▶ _TASK OBJECTIVE_
Your answer must be the exact lines of the listing below that run from the line with "iPad Pro 11″" to the line with "Clip en madera", ends included, and no pictures.
○ ○ ○ ○ ○
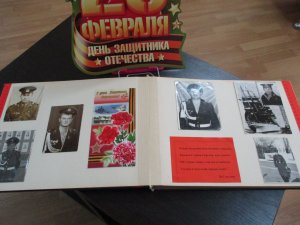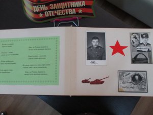Накануне Дня защитника Отечества в целях воспитания у подрастающего поколения чувства гордости за свое Отечество, ответственности за судьбу страны и долга перед ней Покровская библиотека подготовила и оформила фотоальбом «Служит Родине солдат». В альбоме представлены фотографии жителей поселков Михайловка, Приозерное, Краснополье, Покровское, служивших в Советской армии и в Российской армии.
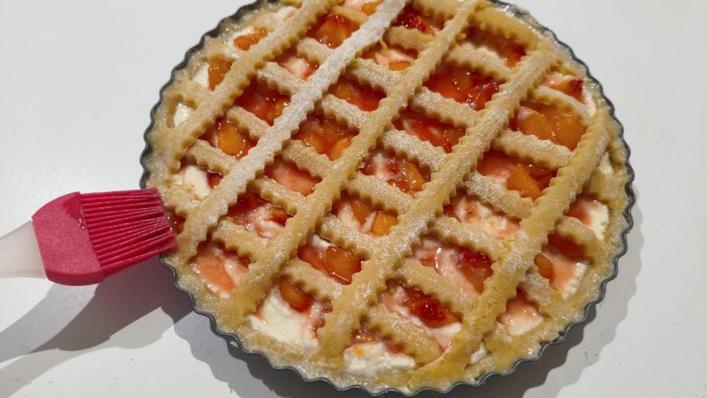 At this point, roll out the remaining shortcrust pastry, cut strips, and place them over the ricotta and peach tart.
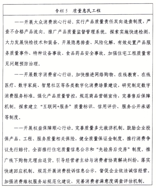 ?。ǘ┘訌娰|量法治建設。加強質量領域地方立法,構建系統(tǒng)完備、科學規(guī)范、運行有效的質量制度體系。推進綜合執(zhí)法部門聯(lián)動,形成統(tǒng)一指揮、橫向協(xié)作、縱向協(xié)同的監(jiān)管執(zhí)法機制,深化行政執(zhí)法與刑事司法銜接,嚴厲打擊制售假冒偽劣商品、侵犯知識產權、工程質量違法違規(guī)等行為。健全產品和服務質量擔保與爭議處理機制,推行第三方質量爭議仲裁。支持開展質量公益訴訟和集體訴訟,嚴格執(zhí)行商品質量懲罰性賠償制度。加強質量法治宣傳教育,普及質量法律知識,營造尊法學法守法用法的良好社會氛圍。
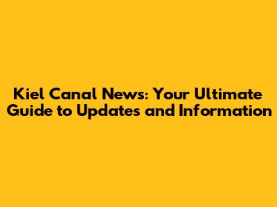 Kiel Canal: Your Go-To Guide For News & Updates
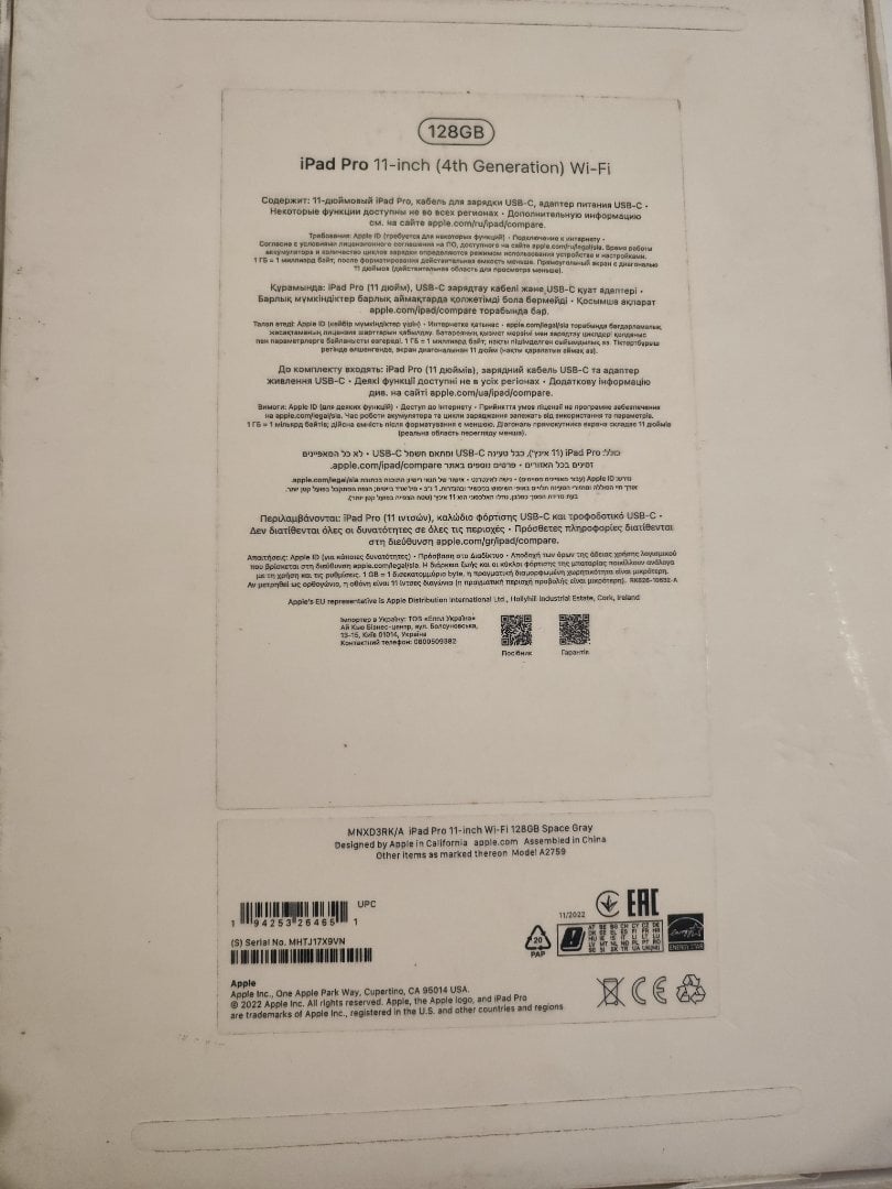 iPad Pro 11″ (2022 – M2 – 128 GB Wi-Fi Space Gray) | Άψογο 95 % μπαταρία | Με κουτί & φορτιστή
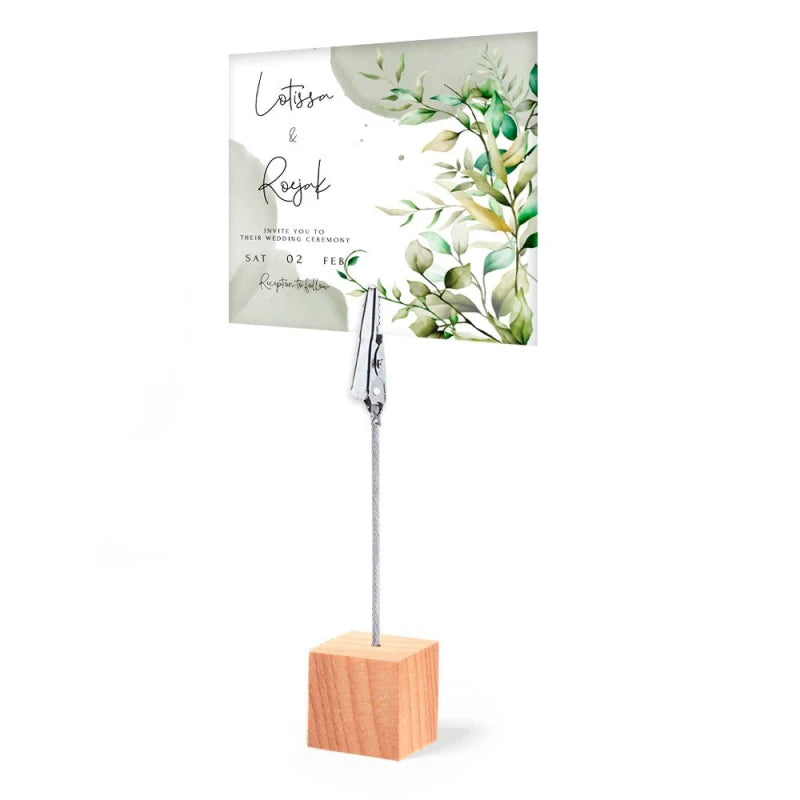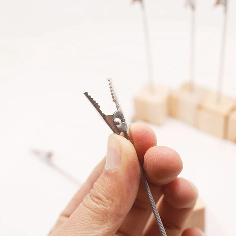 Clip en madera de bambú con guaya y clip metálico. De 2.5 x 2.5 cm.
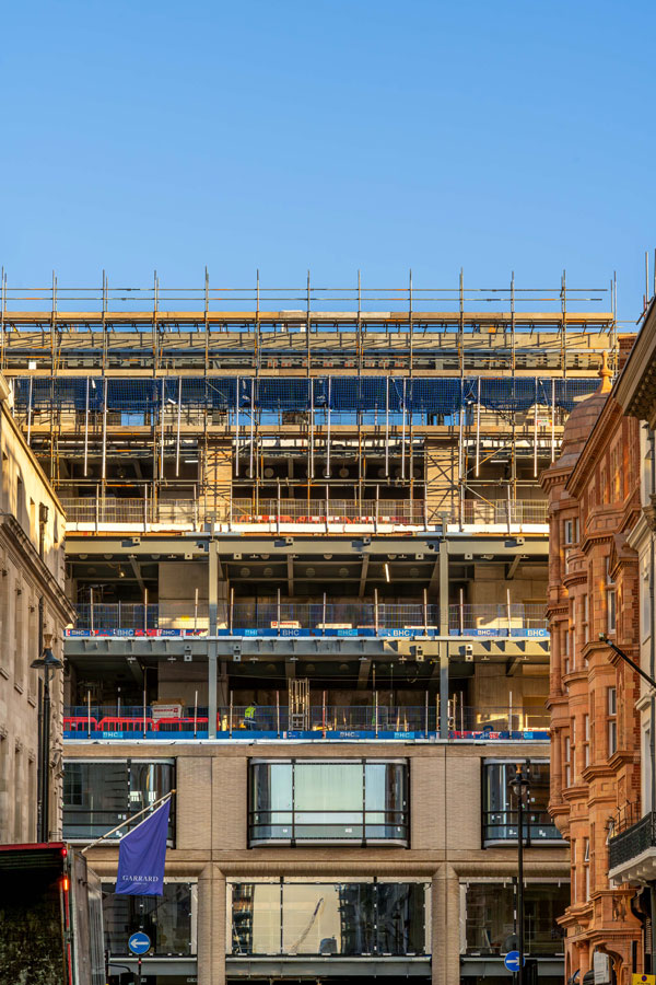 Like many inner-city construction sites, this project has had to work around a number of constraints. Aside from the narrow and busy surrounding streets, the southbound Victoria Underground line and the culvert for the Tyburn River run directly beneath the site, a major sewer is under the New Bond Street pavement, and to the north, the new building abuts an historic party wall. Monitoring of all these assets has been ongoing throughout the construction programme.
○ ○ ○ ○ ○
▶ _WRITTEN RESPONSE_
 iPad Pro 11″ (2022 – M2 – 128 GB Wi-Fi Space Gray) | Άψογο 95 % μπαταρία | Με κουτί & φορτιστή
 Clip en madera de bambú con guaya y clip metálico. De 2.5 x 2.5 cm.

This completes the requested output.